Plain pytest unit tests cover the deterministic logic: name normalization and similarity, match classification, the full 3×3 risk matrix, validation and missing-field reporting, template determinism, the conflicts gate, and JSONL appends. (These are unit tests, not the eval harness — that's below.)

pip install -r requirements-dev.txt
pytest

Evaluation

The eval harness follows the mcp-builder methodology: a golden set of 10 read-only, stable question/answer pairs (evals/evaluation.xml), run by an LLM agent that has access only to this server's tools, scored by exact string comparison. evals/evaluation.py and evals/connections.py are copied unmodified from the mcp-builder skill's scripts.

Every golden answer was verified directly against the server's deterministic logic. Running the LLM-driven harness requires an Anthropic API key:

pip install -r evals/requirements.txt
export ANTHROPIC_API_KEY=your_key_here
python evals/evaluation.py -t stdio -c python -a server.py -o evals/report.md evals/evaluation.xml

Run from the repo root (the harness launches python server.py itself — don't start the server manually). The generated evals/report.md includes accuracy, per-task tool-call traces, and the agent's feedback on the tool design.

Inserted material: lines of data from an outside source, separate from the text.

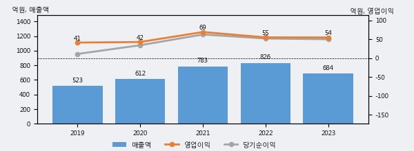 이랜시스의 2023년 매출액은 684억으로 전년대비 -17.1% 하락했고, 영업이익 역시 54억으로 전년대비 -0.4% 하락했다. 이 회사의 매출액 증감률과 영업이익 증감률은 각각 코스닥 하위 24%, 상위 42%에 해당된다.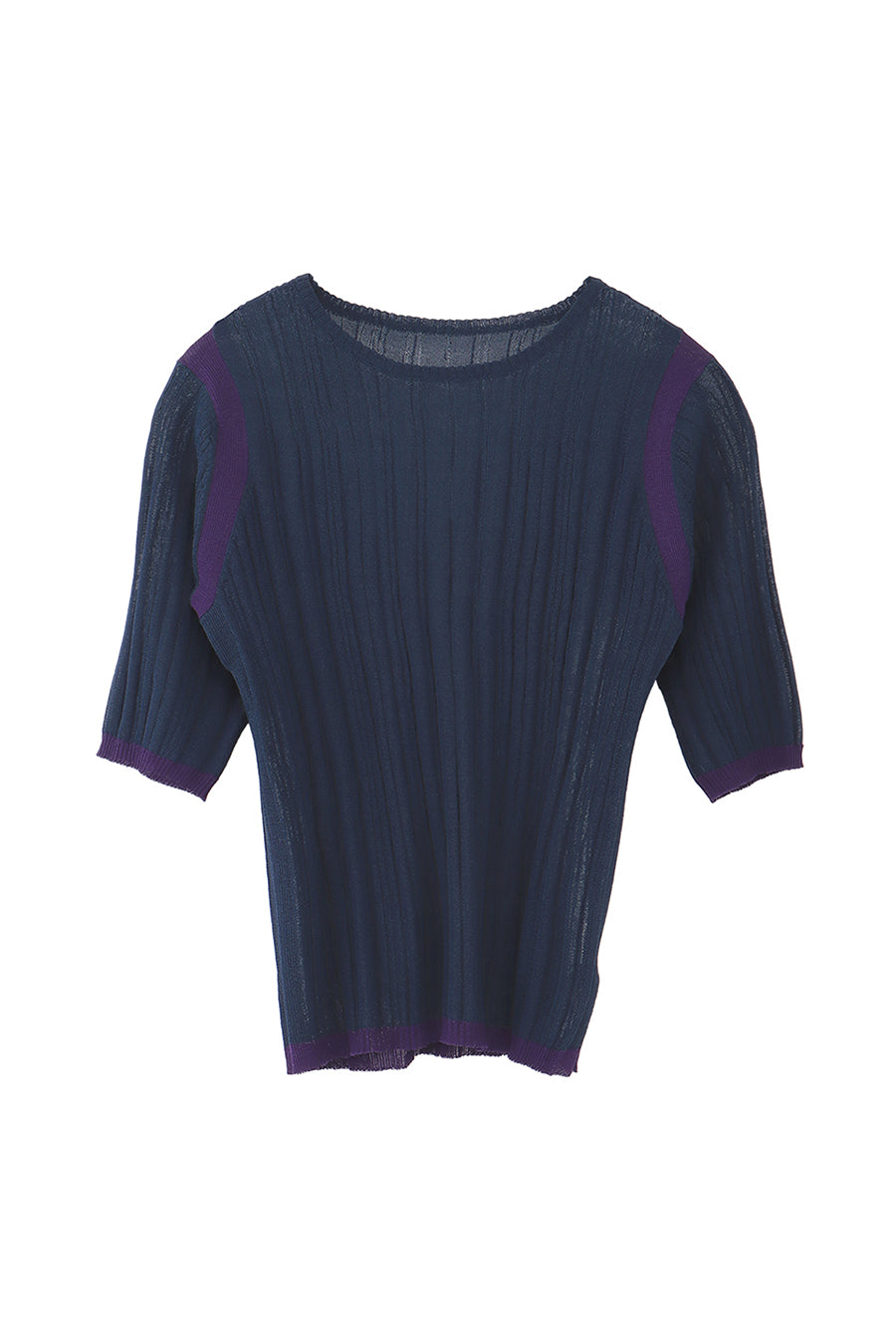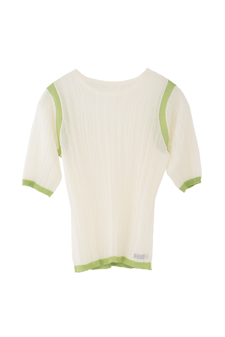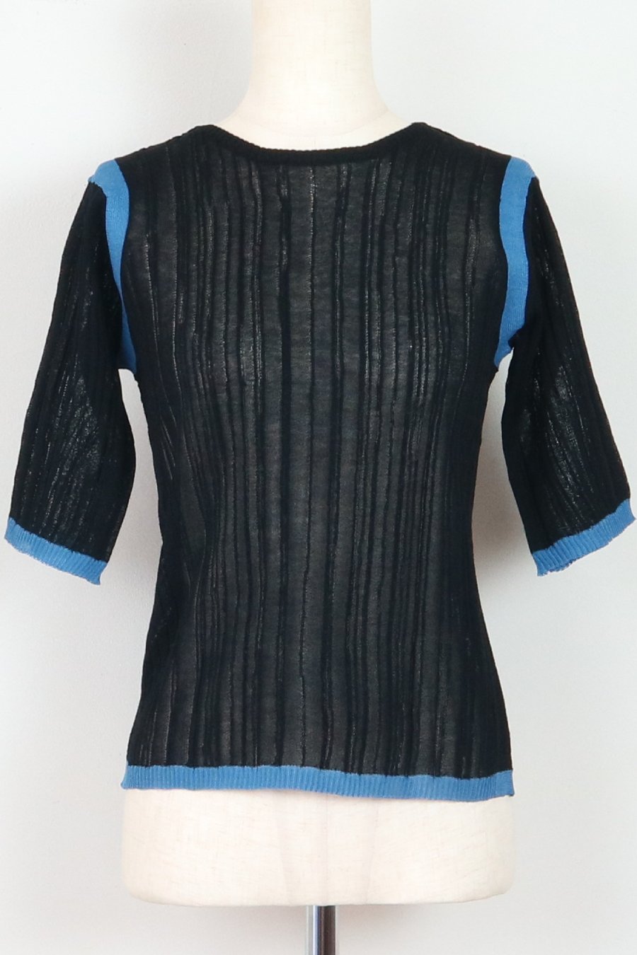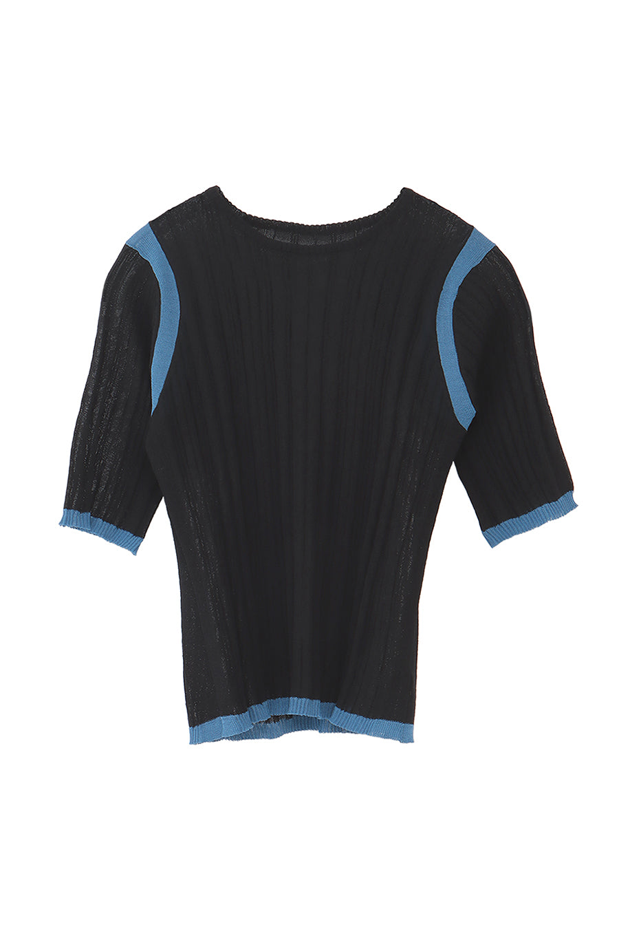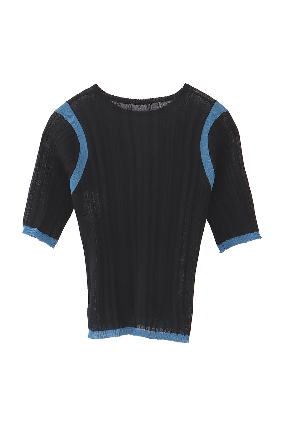 アームホール、袖口と裾の配色ラインがポイントのシアーニット。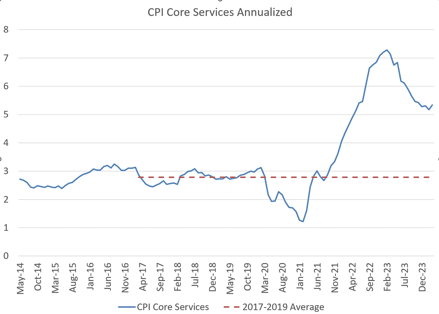 And indeed, CPI Core Services is currently running at over 5% annualized, vs. a 2.8% normalized, pre-pandemic average: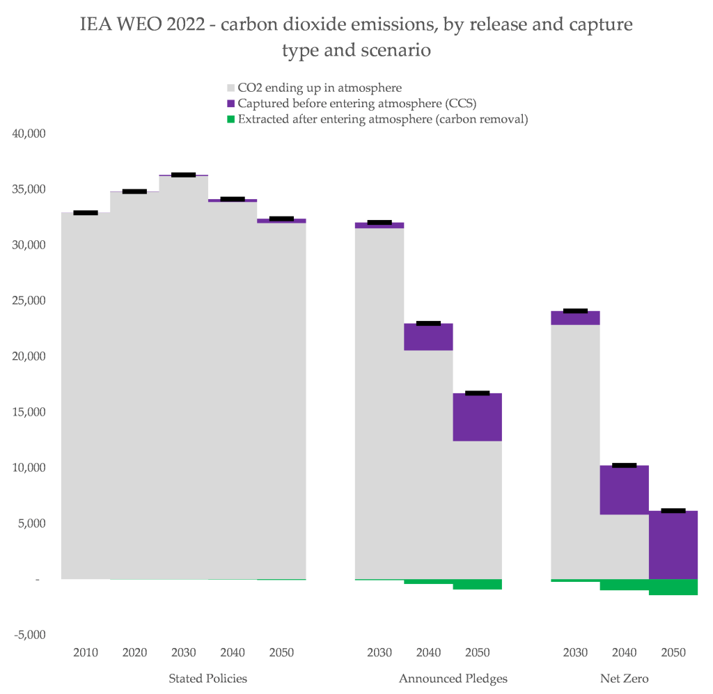 That is a steep blank white space between the green mound and the purple line. The IEA isn’t ignorant of it. “If all of these projects proceed to operation, around 260 Mt CO2 would be captured in 2030. This represents a sixfold increase on current deployment yet only around 20% of what is required in the NZE Scenario”, they write in the 2022 world energy outlook.
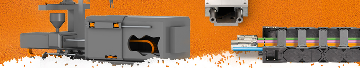Nell'alimentazione di energia in macchine per la lavorazione della plastica, carichi elevati, accuratezza e temperature elevate sono importanti. Utilizzando catene portacavi in plastica in linee di film soffiato, macchine di stampaggio a iniezione o estrusori, potete proteggere cavi e tubi. Anche con riempimenti pesanti, le catene portacavi in plastica hanno i loro vantaggi: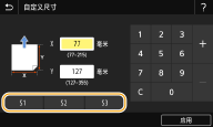 在纸张尺寸选择画面上为纸盒或多功能托盘选择 <自定义> 时,可以调用在上述步骤中注册的纸张尺寸。

Limitations — what this server does not do

• It does not give legal advice. It validates structure, screens names, fills templates, and keeps a log. Every output is an input to an attorney's judgment; the attorney owns every decision, including whether a conflict actually exists.
• The conflict check is illustrative. It is a fuzzy screen over a small bundled dataset. A real conflicts process spans the firm's full matter history, related entities, and lateral-hire obligations. A cleared here means only "no hits in this sample file."
• All sample data is fictional. Every name, matter id, and relationship in data/ was invented for this project (and labeled as such in the files). No real client data, ever. Point the design at your own data source before any real use — and then treat the log and datasets as confidential.
• It does not extract, summarize, or send anything. Reading the inquiry and writing the final email are the client model's (or a human's) job. The server never calls an LLM and never touches the network.
• It does not decide the matter's theory, severity, or likelihood. The risk rating is a fixed matrix over bands you supply — a labeling convention, not an assessment.
• Persistence is a local JSONL file. No database, no sync, no multi-user concurrency control. The log is append-only by design; rotating or archiving it is up to you.

Security & permissions

• Runs locally over stdio as a subprocess of the MCP client; binds no ports, makes no network requests.
• Reads only its bundled data/*.json; writes only the triage log file (path controlled by INTAKE_TRIAGE_LOG_PATH).
• Logs to stderr only (stdout is reserved for the protocol).
• No credentials are required or read. Treat the triage log as confidential — it's .gitignored by default.

License

Apache-2.0 — matching the claude-for-legal project whose conventions this server borrows.